Nuryadi mengatakan, saat ini sudah banyak masyarakat Yogyakarta yang tidak bisa menulis dan membaca aksara Jawa. Padahal aksara dan bahasa Jawa mencerminkan ungah-ungguh yang ada dalam tradisi budaya Jawa.
"Aksara dan Bahasa Jawa itu ada tingkatnya karena sudah masuk unggah-ungguh atau sopan santun," tuturnya paa Sosialisasi Perda Nomor 2 Tahun 2021 tentang Pemeliharaan dan Pengembangan Bahasa, Sastra dan Aksara Jawa di Sanggar Suryo Bawono, Playen ini berlangsung pada Sabtu (19/8/2023) kemarin.
Dia menyebut Bahasa Jawa ada tingkatannya mulai dari bahasa kasar alias ngoko, kemudian bahasa halus alias Kromo dan Bahasa Jawa sangat halus atau kromo hinggil. Tingkatan Bahasa Jawa ini akan disesuaikan dengan lawan bicara.

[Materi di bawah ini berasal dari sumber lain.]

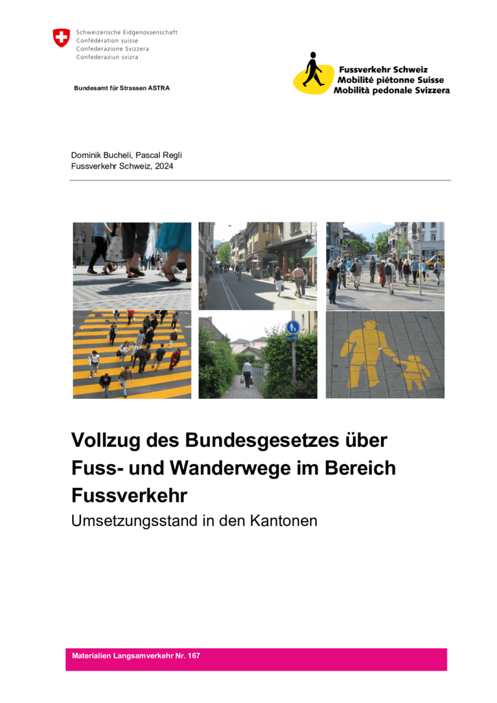 Fussverkehr Schweiz hat im Auftrag des ASTRA im Jahr 2023 und 2024 in einer Umfrage bei den kantonalen Fachstellen Fussverkehr den Stand der Umsetzung des Fuss- und Wanderweggesetzes (FWG) im Bereich des Fussverkehrs erhoben.
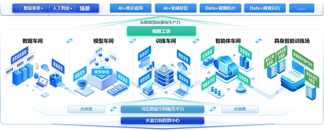 为破解这些瓶颈,浪潮卓数大数据对自研“模数工坊”产品体系进行了全面战略升级——以“DATA+AI”双能力建设为主线,聚焦数据价值挖掘与AI能力生产两大核心场景,构建包含数据车间、训练车间、模型车间和智能体车间、具身智能训练场五大功能模块的全链条闭环生产体系,贯穿从上游数据供给到下游模型应用与服务全链条,推动多维数据价值倍增和千行百业智能升级。目前,“模数工坊”已在数字政务、金融服务、商贸流通等多个领域实现落地应用,深度赋能“数据要素×”与“人工智能+”。
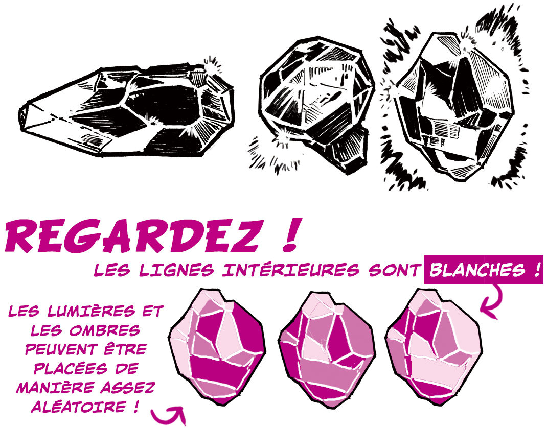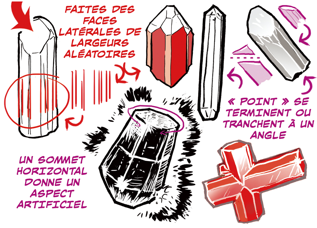 Les pierres précieuses et les cristaux sont souvent caractérisés par des motifs de surface plate et géométrique.
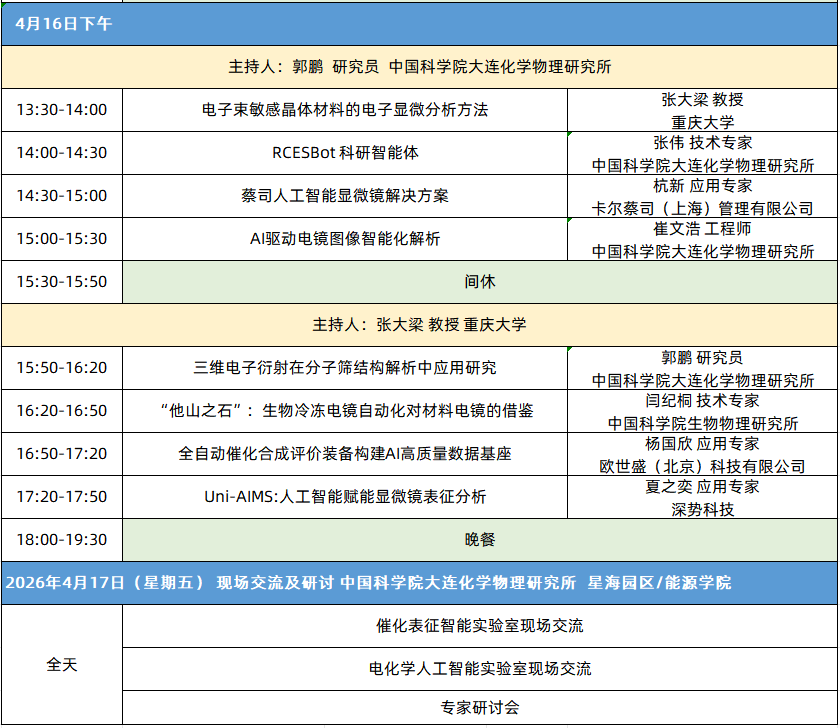 AI赋能的能源催化与电镜技术前沿研讨会将于4月15-17日在中国科学院大连化学物理研究所能源基础五号楼一楼会议室举行。
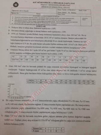 Anahtar Kelimeler: hidroloji dersi final sorulari ksu kahramanmaras sutcu imam uni universitesi mimarlik muhendislik
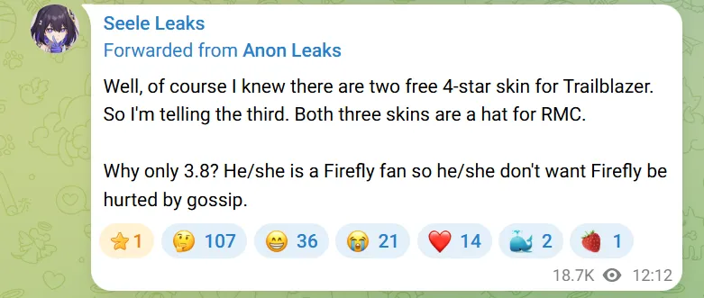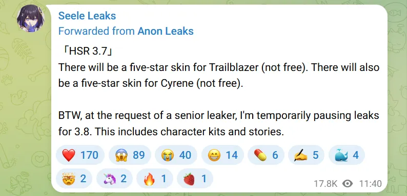 Secondo i leak di Anon, avremo le skin di Cyrene e Trailblazer nel banner 3.7! Con le nuove informazioni entusiasmanti, Anon annuncia anche che non divulgherà temporaneamente informazioni su HSR 3.8 per proteggere Firefly dai pettegolezzi.

Kondisi serupa juga ada dalam aksara Jawa yang memiliki berbagai tingkatan. Saat ini sangat jarang masyarakat DIY yang masih mengerti dan memahami aksara Jawa ini. Bahkan hanya sebagian kecilnya masyarakat DIY yang mampu membaca dan menulis aksara Jawa.
"Ini mengundang keprihatian semua pihak. Saya kira kurikulum di sekolah yang harus diperbaiki," tutur dia.
Nuryadi mengatakan, pemerintah berkewajiban untuk melestarikan aksara Jawa ini. Kurikulum pendidikan harus dievaluasi agar aksara Jawa ini tidak punah. Siswa dari luar DIY juga harus turut serta mempelajari Aksara Jawa.